Is (a) not a special case of (b)? i.e. if we take one form of (x1,x2…) to be (1,0,1,0…) and (y1,y2,…) to be (0,1,0,1…) as done in (a), we are outside the space of either sequences. But, perhaps, you’re suggesting that since the x’s are arbitrary, the resulting sequence need not be preserved for any particular instantiation, but rather that the x’s in the resulting sequence can take on any value?

Thanks.

• hecker says:

Actually (b) is a special case of (a): (a) includes all sequences with an infinite number of zeroes, while (b) includes only such sequences where there are only zeroes (and no other number) past a certain point. So, for example, (a) would include a sequence where every millionth number was a zero, but such a sequence would not be a member of (b).

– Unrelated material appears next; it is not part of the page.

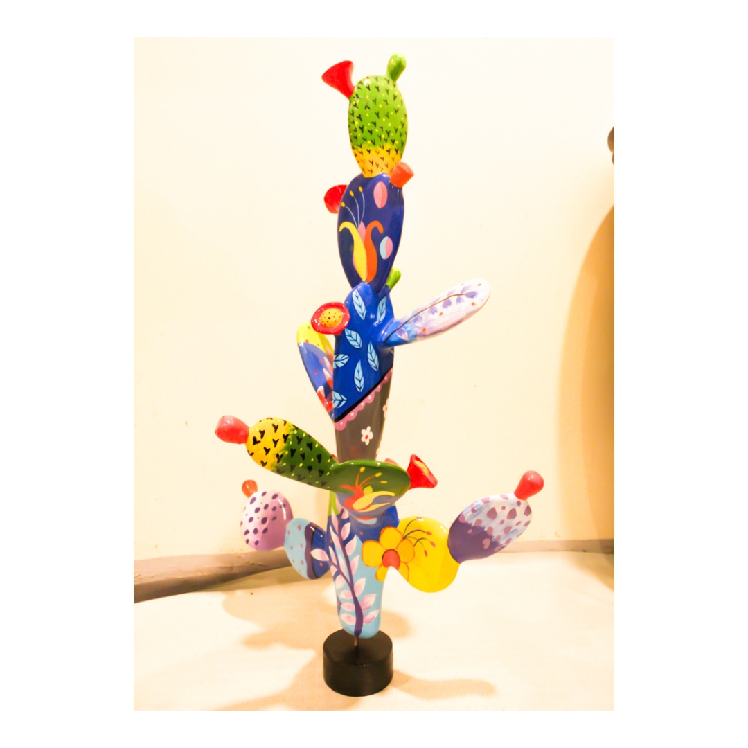 This Prickly Beauty is a playful twist on desert charm. Bursting with vibrant hues and quirky details, this cactus figurine transforms the rugged beauty of the desert into a cheerful and artistic statement piece. Its imaginative design, featuring exaggerated shapes and bold patterns, brings a lively and unexpected energy to any space. Let this piece turn your home into a vibrant oasis of creativity and fun!

It’s the fact that sequences in (b) are guaranteed to contain only zeroes above a certain point that makes the set (b) closed under scalar multiplication and addition. This guarantee does not apply to sequences in (a), and as I note you can choose sequences in (a) whose sum is not in (a).

2. GG says:

there is something wrong in (f)
it should be -1*x=(-x1,-kx2, -k^2×3,… )
and i found the problem in textbook is
(x1, kx1, k^2×1,… )

• hecker says:

You are correct; I have updated the post to fix these errors. Thanks for finding them!

3. Samuel says:

Why is it not ( -x1, k(-x1), k^2(-x1),…) still a geometric progression in (f)?

• hecker says:

You are correct. I have fixed the answer. The set of geometric progressions is in fact closed under scalar multiplication, but it is not closed under vector addition. Thanks for finding and reporting this error!

4. econsamuel says:

Why is it not (-x1, k(-x1), k^2(-x1),…) still a geometric progression in (f)?